Records from a collection:
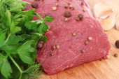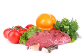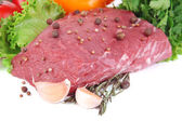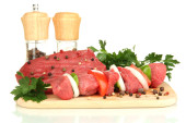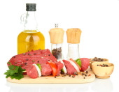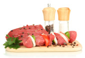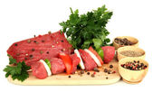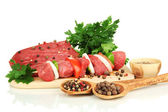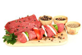 surowy wołowiny marynowane z ziół i przypraw na białym tle
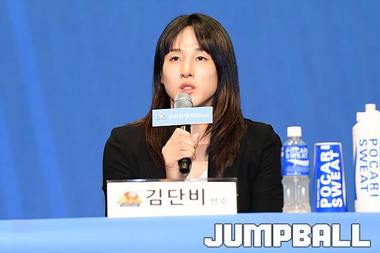 [점프볼=여의도/유용우 기자] 29일 서울 여의도 63컨벤션센터 2층 그랜드볼륨에서 우리은행 2018-2019 여자프로농구 타이틀스폰서 조인식 및 미디어데이가 열렸다. 신한은행 김단비가 새시즌 출사표를 던지고 있다.
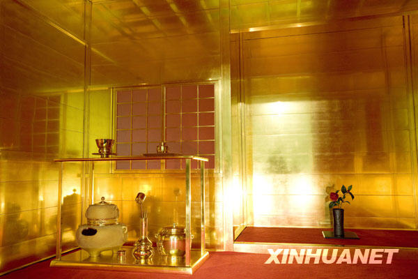 這是2月2日拍攝的在日本東京的黃金茶室。近日,一座金碧輝煌的黃金茶室亮相東京。該茶室長2.7米,寬2.55米,高2.5米。由日本長野一家公司以日本戰(zhàn)國時(shí)代末期封建領(lǐng)主豐臣秀吉1587年修建的黃金茶室為原型,1比1復(fù)制而成。該茶道室連同其中的金制茶具售價(jià)約為390萬美元。
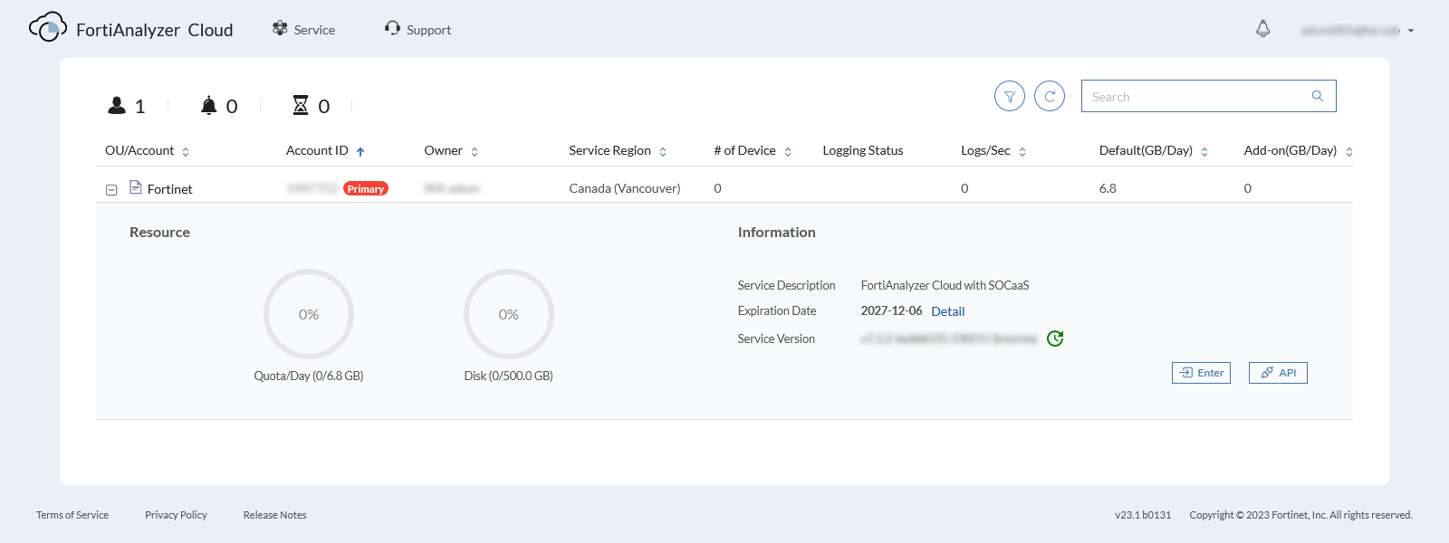 The account details are displayed. If it is a primary account, you can provision a new instance. See Deploying a FortiAnalyzer Cloud instance.
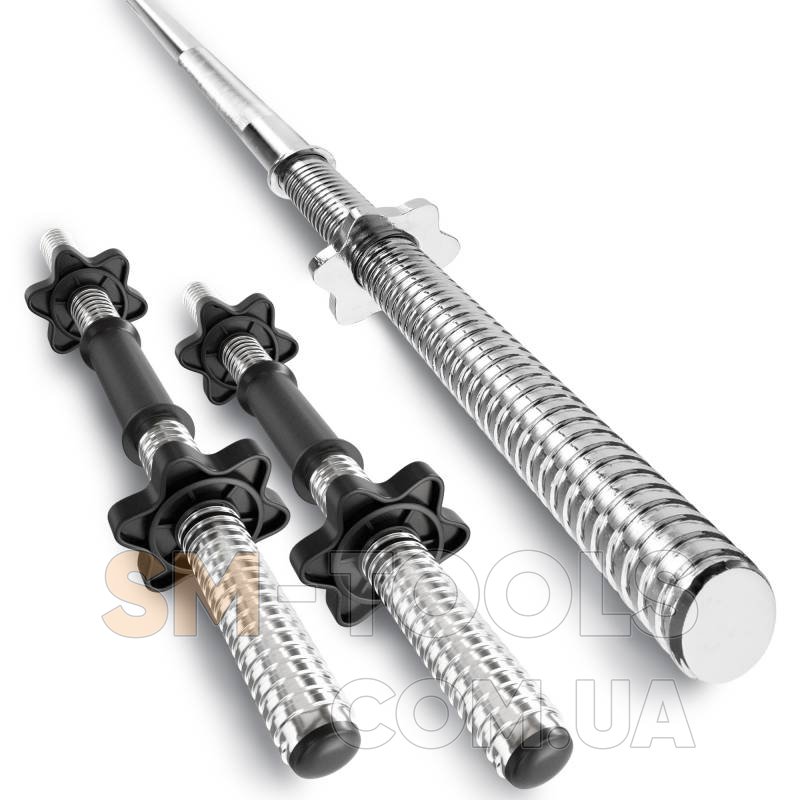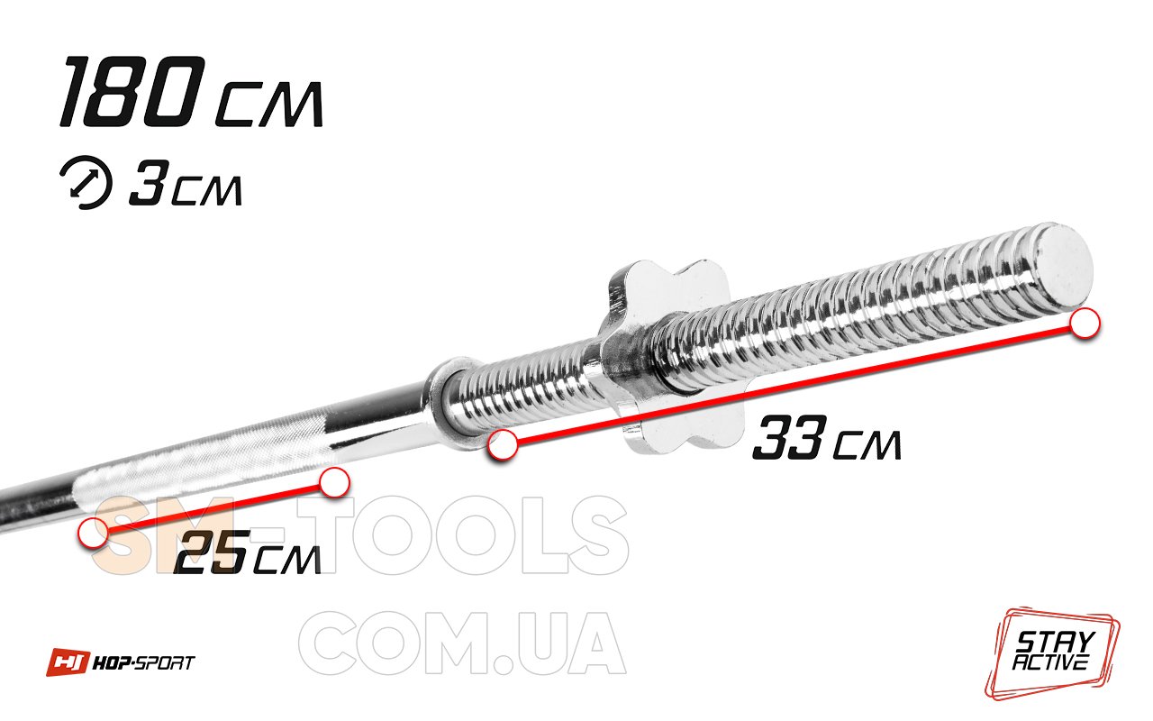 - Все грифы Hop-Sport изготовлены из высококачественной хромированной стали. Они имеют рифленую поверхность для захвата, которая повышает комфорт при выполнении упражнений, а гаечные фиксаторы гарантируют безопасную тренировку.
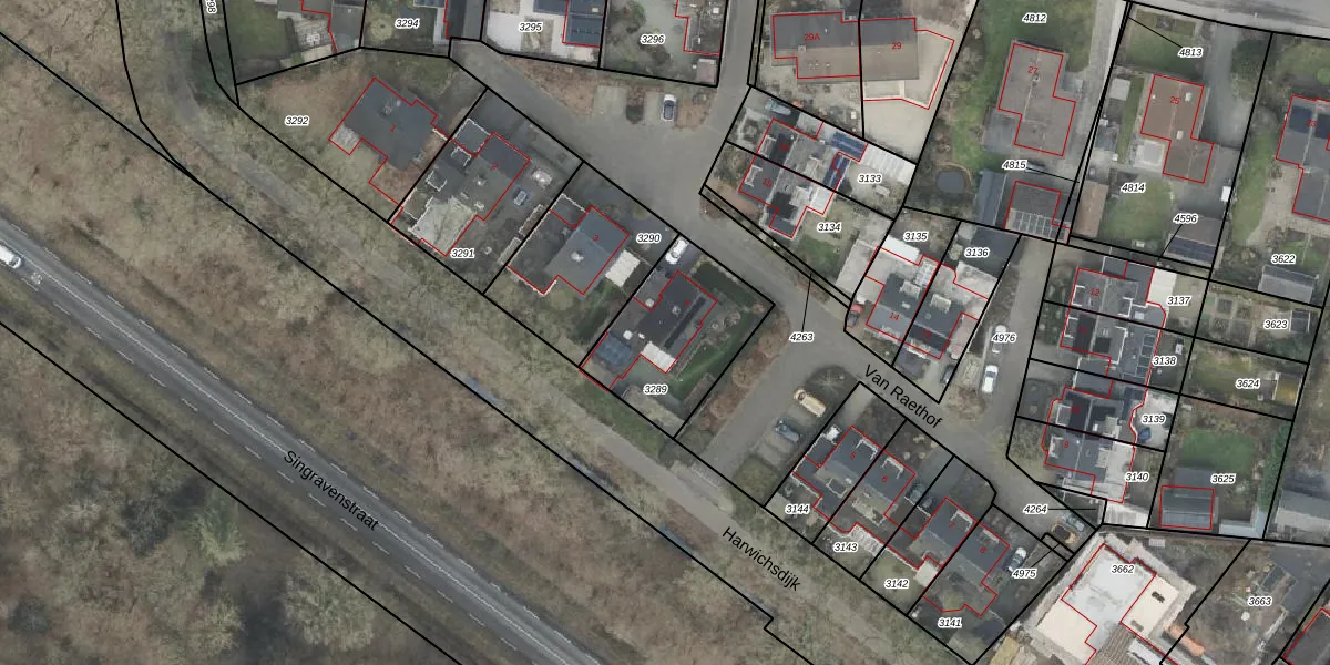 Het perceel waarop Van Raethof 4 staat heeft een oppervlakte van 452 m². Dit is een groot perceel. De perceeloppervlakte wordt geregistreerd door het Kadaster. Gedetailleerde informatie over de maten van dit perceel kunt u vinden in het rapport Kadastrale kaart met maatvoering van Van Raethof 4.

■ Exercise goal: No pictures belong in the copy: reproduce exactly the lines above from the one that contains "- Все грифы" through the last line of the entries.

■ Task response:
 - Все грифы Hop-Sport изготовлены из высококачественной хромированной стали. Они имеют рифленую поверхность для захвата, которая повышает комфорт при выполнении упражнений, а гаечные фиксаторы гарантируют безопасную тренировку.
 Het perceel waarop Van Raethof 4 staat heeft een oppervlakte van 452 m². Dit is een groot perceel. De perceeloppervlakte wordt geregistreerd door het Kadaster. Gedetailleerde informatie over de maten van dit perceel kunt u vinden in het rapport Kadastrale kaart met maatvoering van Van Raethof 4.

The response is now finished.